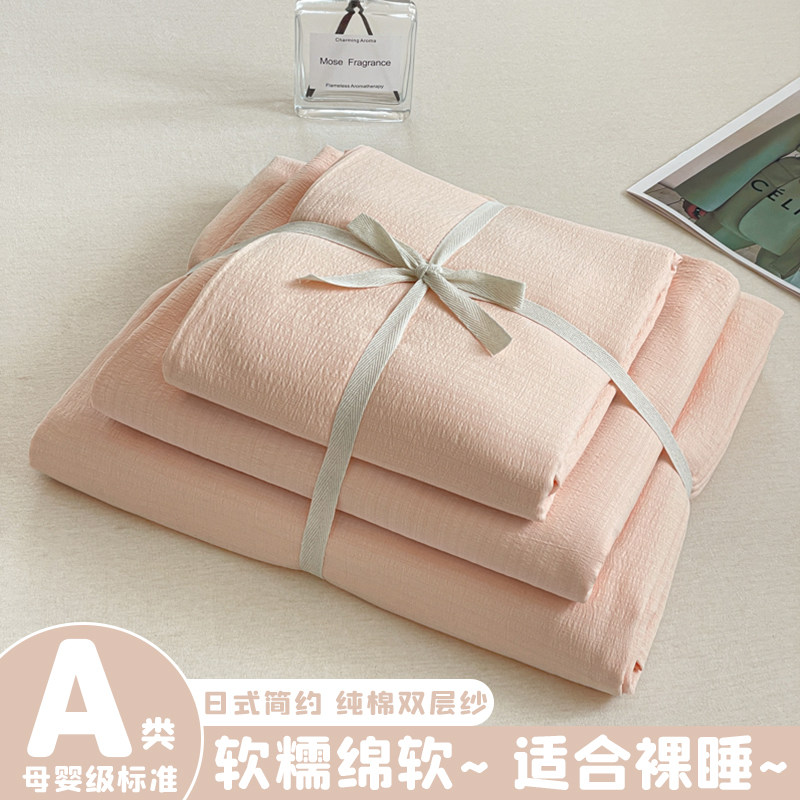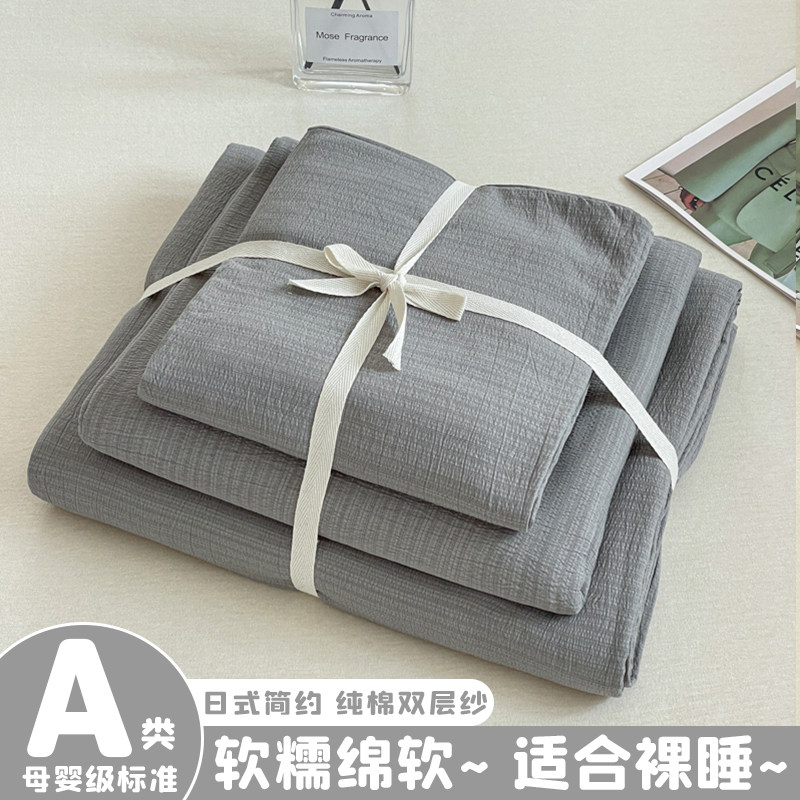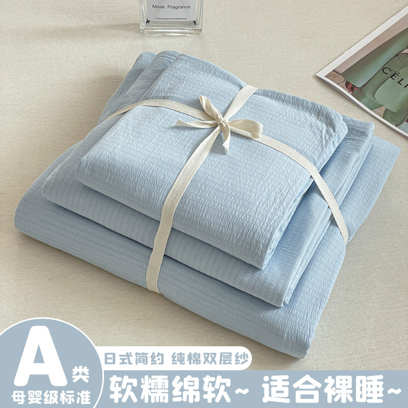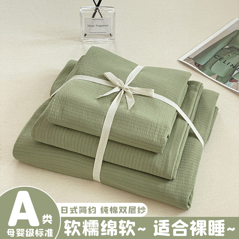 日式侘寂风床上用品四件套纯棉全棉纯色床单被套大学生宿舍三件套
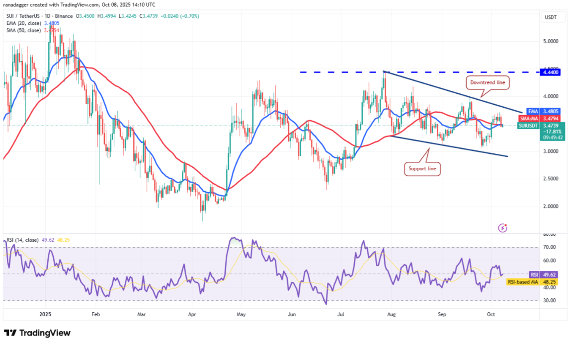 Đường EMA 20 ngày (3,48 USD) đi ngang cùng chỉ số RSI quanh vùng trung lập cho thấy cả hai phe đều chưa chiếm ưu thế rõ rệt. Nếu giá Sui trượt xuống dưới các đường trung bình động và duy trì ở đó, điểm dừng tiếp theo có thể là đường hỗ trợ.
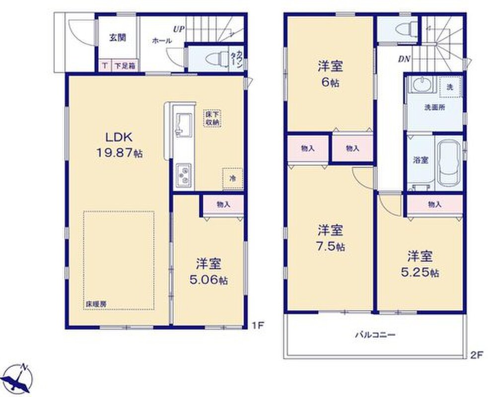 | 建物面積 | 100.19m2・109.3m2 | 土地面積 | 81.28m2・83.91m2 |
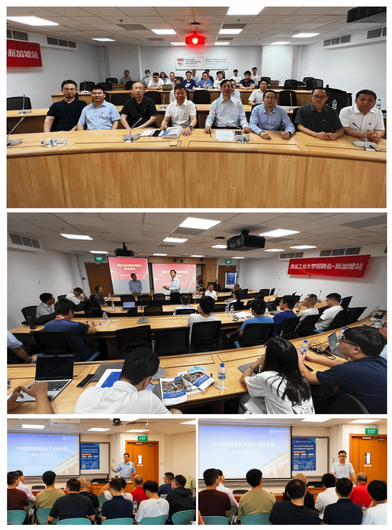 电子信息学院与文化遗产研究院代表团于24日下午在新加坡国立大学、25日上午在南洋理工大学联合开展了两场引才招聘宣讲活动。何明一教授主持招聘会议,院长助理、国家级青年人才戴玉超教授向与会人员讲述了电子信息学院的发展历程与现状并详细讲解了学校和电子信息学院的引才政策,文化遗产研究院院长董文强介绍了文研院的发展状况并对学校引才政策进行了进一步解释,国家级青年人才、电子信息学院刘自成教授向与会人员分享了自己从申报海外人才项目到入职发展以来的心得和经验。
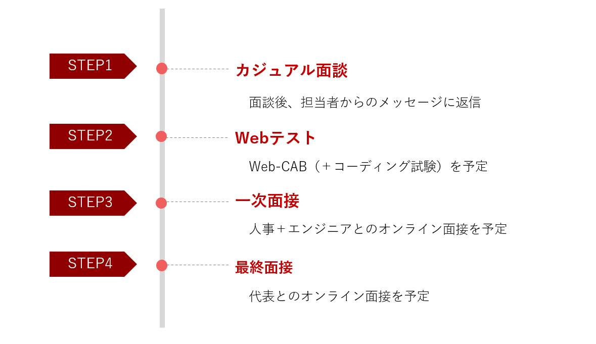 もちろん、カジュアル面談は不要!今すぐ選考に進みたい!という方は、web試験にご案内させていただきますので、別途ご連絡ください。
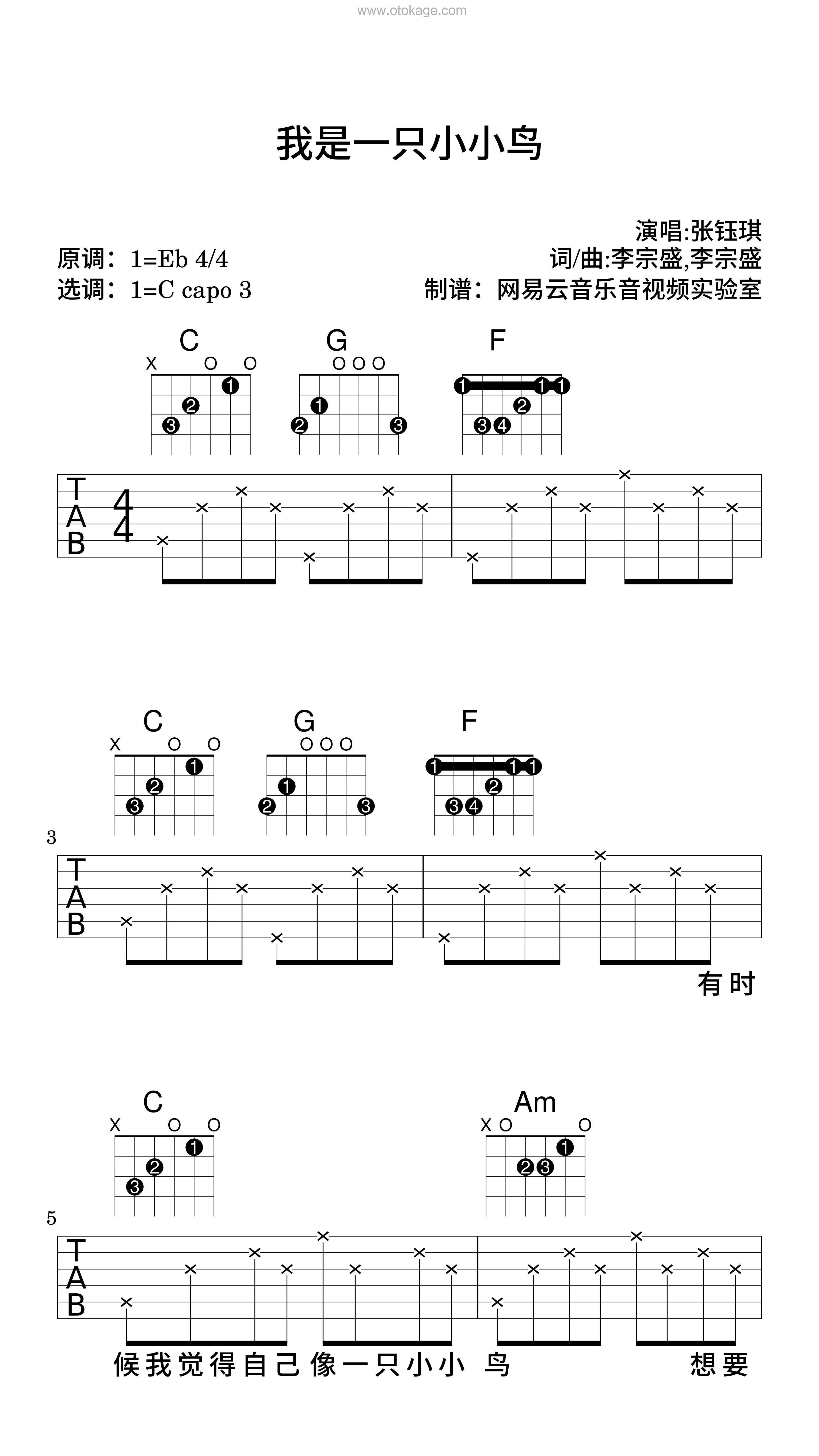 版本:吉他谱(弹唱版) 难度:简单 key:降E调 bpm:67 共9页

Your task >> Copy the listing above word for word. Do not include the pictures.

Answer space >>
 日式侘寂风床上用品四件套纯棉全棉纯色床单被套大学生宿舍三件套
 Đường EMA 20 ngày (3,48 USD) đi ngang cùng chỉ số RSI quanh vùng trung lập cho thấy cả hai phe đều chưa chiếm ưu thế rõ rệt. Nếu giá Sui trượt xuống dưới các đường trung bình động và duy trì ở đó, điểm dừng tiếp theo có thể là đường hỗ trợ.
 | 建物面積 | 100.19m2・109.3m2 | 土地面積 | 81.28m2・83.91m2 |
 电子信息学院与文化遗产研究院代表团于24日下午在新加坡国立大学、25日上午在南洋理工大学联合开展了两场引才招聘宣讲活动。何明一教授主持招聘会议,院长助理、国家级青年人才戴玉超教授向与会人员讲述了电子信息学院的发展历程与现状并详细讲解了学校和电子信息学院的引才政策,文化遗产研究院院长董文强介绍了文研院的发展状况并对学校引才政策进行了进一步解释,国家级青年人才、电子信息学院刘自成教授向与会人员分享了自己从申报海外人才项目到入职发展以来的心得和经验。
 もちろん、カジュアル面談は不要!今すぐ選考に進みたい!という方は、web試験にご案内させていただきますので、別途ご連絡ください。
 版本:吉他谱(弹唱版) 难度:简单 key:降E调 bpm:67 共9页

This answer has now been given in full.